| > Its a paradigma shift for the whole world literaly. That's hyperbolic. I use LLMs daily. They speed up tasks you'd normally use Google for and can extrapolate existing code into other languages. They boost productivity for professionals, but it's not like the discovery of the steam engine or electricity. > And what limitations are obvious? Tell me? We have not reached any real ceiling yet. Scaling parameters is the most obvious limitation of the current LLM architecture (transformers). That’s why what should have been called GPT-5 is instead named GPT 4.5, it isn’t significantly better than the previous model despite having far more parameters, a lot more cleaned up training data and optimizations. The low-hanging fruit has already been picked, and most obvious optimizations have been implemented. As a result, almost all leading LLM companies are now operating at a similar level. There hasn’t been a real breakthrough in over two years. And the last huge architectural breakthrough was in 2017 (with paper "Attention is all you need"). Scaling at this point yields only diminishing returns. So no, what you’re saying isn’t accurate, the ceiling is clearly visible now. |
completly disagree. People might have googled before but the human<>computer interface was never in any way as accessable as it is now for a normal human being. Can i use Photoshop? yes but i learned it.

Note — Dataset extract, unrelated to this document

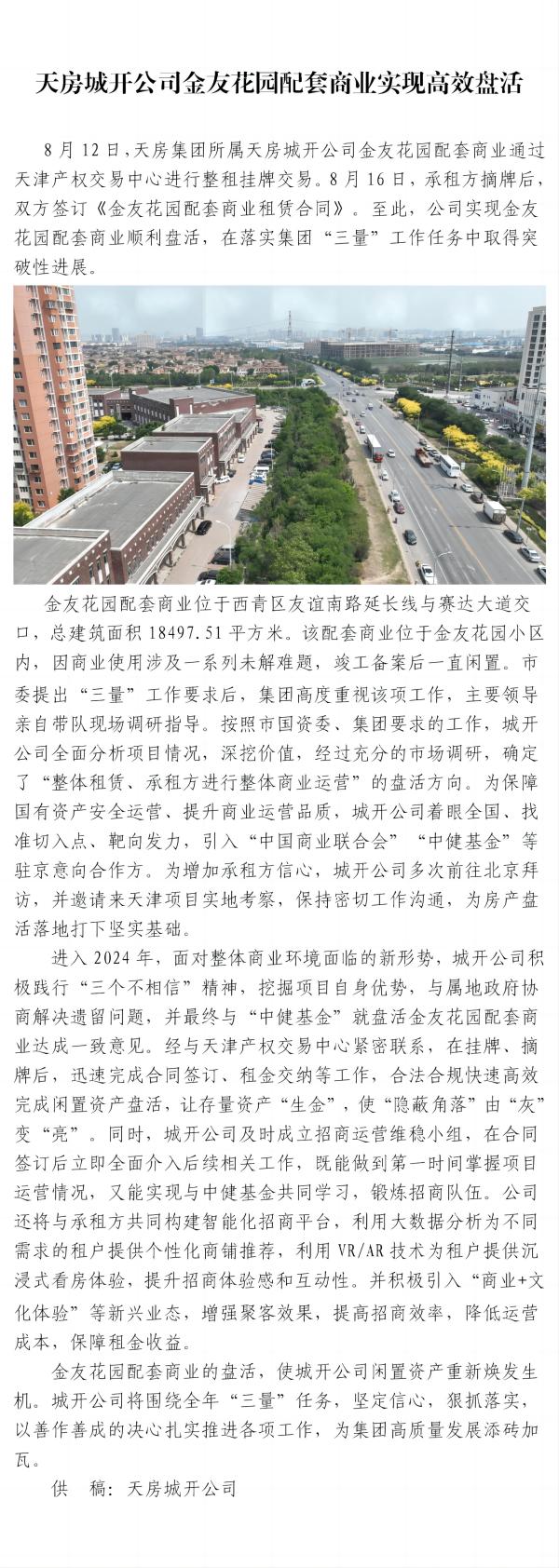 天房城開公司金友花園配套商業(yè)實現(xiàn)高效盤活

My sisters played around with Dall-E and are now able to do simiiliar things.
It might feel boring to you that technology accessability drips down like this, but this changes a lot for a lot of people. The entry barrier to everything got a lot lower. It makes a huge difference to you as a human being if you have rich parents and good teachers or not. You had never the chance to just get help like this. Millions of kids struggle because they don't have parents they can ask certain questions required for understanding topics in school.

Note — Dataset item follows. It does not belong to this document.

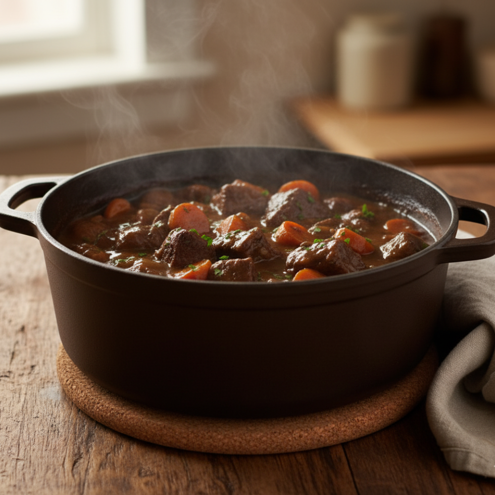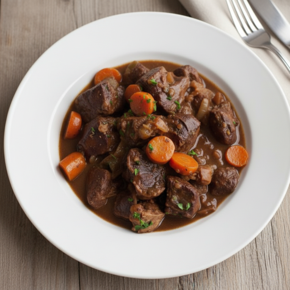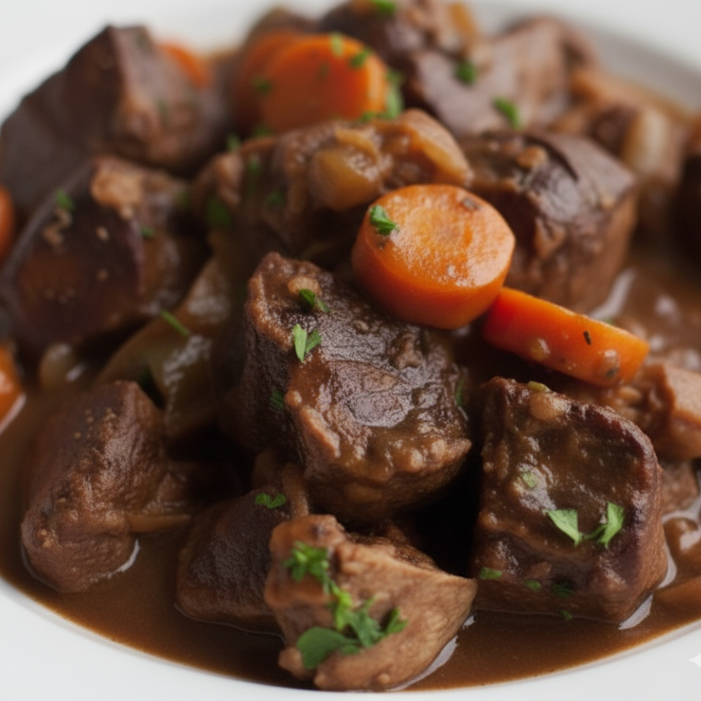 Tender beef cheeks slow-cooked in a rich red wine sauce with carrots, onions, and herbs. A traditional French classic, hearty, flavorful, and melt-in-your-mouth comfort food.

Steam Engine = fundamental for our scaling economy electricity = fundamental for liberating all of us from day time internet = interconnecting all of us LLM/ML/AI = liberating knowledge through accessability
> 'There hasn’t been a real breakthrough in over two years.' DeepSeek alone was a real breakthrough.
But let me ask an LLM about this:
- Mixture of Experts (MoE) scaling
- Long-context handling
- Multimodal capabilities
- Tool use & agentic reasoning
Funny enough your comment comes before claude 4.0 release (again increase in performance, etc.) and the Google IO.
We don't know if we found all 'low hanging fruits'. The meta paper about thinking in latent space came out in February. I would definitly call this a low hanging fruit.
We are limited, very hard, on infrastructure. Every experiement you want to try consumes a lot of it. If you look at the top x GPU AI clusters, we don't have that many on the planet. We have Google, Microsoft, Azure, Nvidia, Baidu, Tesla and xAI, Cerebras. Not that many researcher are able to just work on this.
Google has now its first Diffusion based Model active. 2025! We are so far away from testing out more and more approaches, architectures etc. And we are optimizing on every front. Cost, speed, precision etc.